The more we study the surfaces of planetary bodies in our solar system, the more we are compelled to voyage underground to seek answers to this question. Planetary subsurface voids are not only one of the most likely places to find both signs of life, past and present, but thanks to the shelter they provide, are also one of the main candidates for future human habitation. While we were working on various technologies for cave exploration at JPL, DARPA launched the latest in its series of Grand Challenges, the Subterranean Challenge, or SubT. Compared to earlier events that focused on on-road driving and humanoid robots in pre-defined disaster relief scenarios, the focus of SubT is the exploration of unknown and extreme underground environments. Even though SubT is about exploring such environments on Earth, we can use the competition as an analog to help us learn how to explore unknown environments on other planetary bodies. 

From the beginning, the JPL team forged partnerships with four other institutions offering complementary capabilities to collectively address a daunting list of technical challenges across multiple domains in this competition. In addition to JPL’s experience in deploying robust and resilient autonomous systems in extreme and uncertain environments, the team also included Caltech, with its specialization in mobility, MIT, with its expertise in large-scale mapping, and KAIST (South Korea) and LTU (Sweden), experts in fast drones in underground environments. The more far-flung partnerships were the result of existing research collaborations, a typical pattern in robotics research. We also partnered with a range of companies who supported us with robot platforms and sensors. The shared philosophy of building Collaborative SubTerranean Autonomous Robots led to the birth of Team CoSTAR.

Our approach to the SubT Challenge

The SubT Challenge is designed to encourage progress in four distinct robotics domains: mobility (how to get around), perception (how to make sense of the world), networking (how to get the data back to the server by the end of the mission), and autonomy (how to make decisions). The competition rules and structure reflect meaningful real-world scenarios in underground environments including tunnels, urban areas, and caves. 

To be successful in the SubT Challenge requires a holistic solution that balances coverage of each domain and a recognition of how each is intertwined with the others. For example, the robots need to be small enough to travel through narrow passages, but large enough to carry the sensors and computers necessary to make autonomous decisions and while navigating in perceptually-degraded parts of the course, meaning dark, dusty or smoke-filled. There’s also the challenge of power and energy: The robots need to be quick and energy-efficient to meet the endurance requirements and traverse multiple kilometers per hour in extreme environments. At the same time, autonomous onboard decision making and large-scale mapping is the single biggest power demand. Such challenges are amplified on flying vehicles and require more dramatic trade-offs between flying time, size, and the autonomous capabilities.
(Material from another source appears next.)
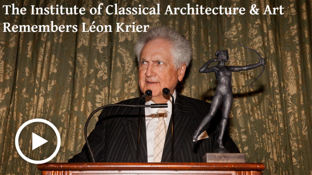 At the Institute of Classical Architecture & Art (ICAA), we are saddened by the news of the sudden passing of Léon Krier, an extraordinary architect, urban planner, and theorist whose work expressed his conviction that the language of classical and traditional architecture and design held the answers to creating towns, cities, and communities that were enduring, sustainable, and beautiful. The ICAA was honored to recognize his extraordinary career achievements, bestowing on him the Arthur Ross Award in 2015. In 2003, he was the first laureate of the Richard H. Driehaus Prize in Architecture, awarded by the University of Notre Dame School of Architecture.

Our answer to this call for versatility is to present a team of AI-powered robots, comprising multiple heterogeneous platforms, to handle the various challenges of each course. To enable modularity, all our robots are equipped with the same modular autonomy software, called NeBula (Networked Belief-aware Perceptual Autonomy). NeBula is specifically designed to address stochasticity and uncertainty in various elements of the mission, including sensing, environment, motion, system health, and communication, among others. With a mix of wheeled, legged, tracked, and flying vehicles, our team relies on a decision-making process that translates mission specifications, risk, and time into strategies that adaptively prescribe which robot should be dispatched to which part of the course and when.

Team CoSTAR robot familyA team of robots with heterogeneous capabilities handles various challenges of an unknown extreme environment.Image: Team CoSTAR

Let the exploration begin!

The hallmark of Team CoSTAR’s first year leading up to the SubT Tunnel Circuit was a series of fast iterations through potential robot configurations. Every few weeks, we would make a major adjustment to our overall solution architecture based on what we learned in the previous iteration. These changes could potentially be as major as changing our overall concept of operations, e.g., how many robots in what formation should be part of the solution. This required high-levels of adaptivity and agility in our solution development process and team culture.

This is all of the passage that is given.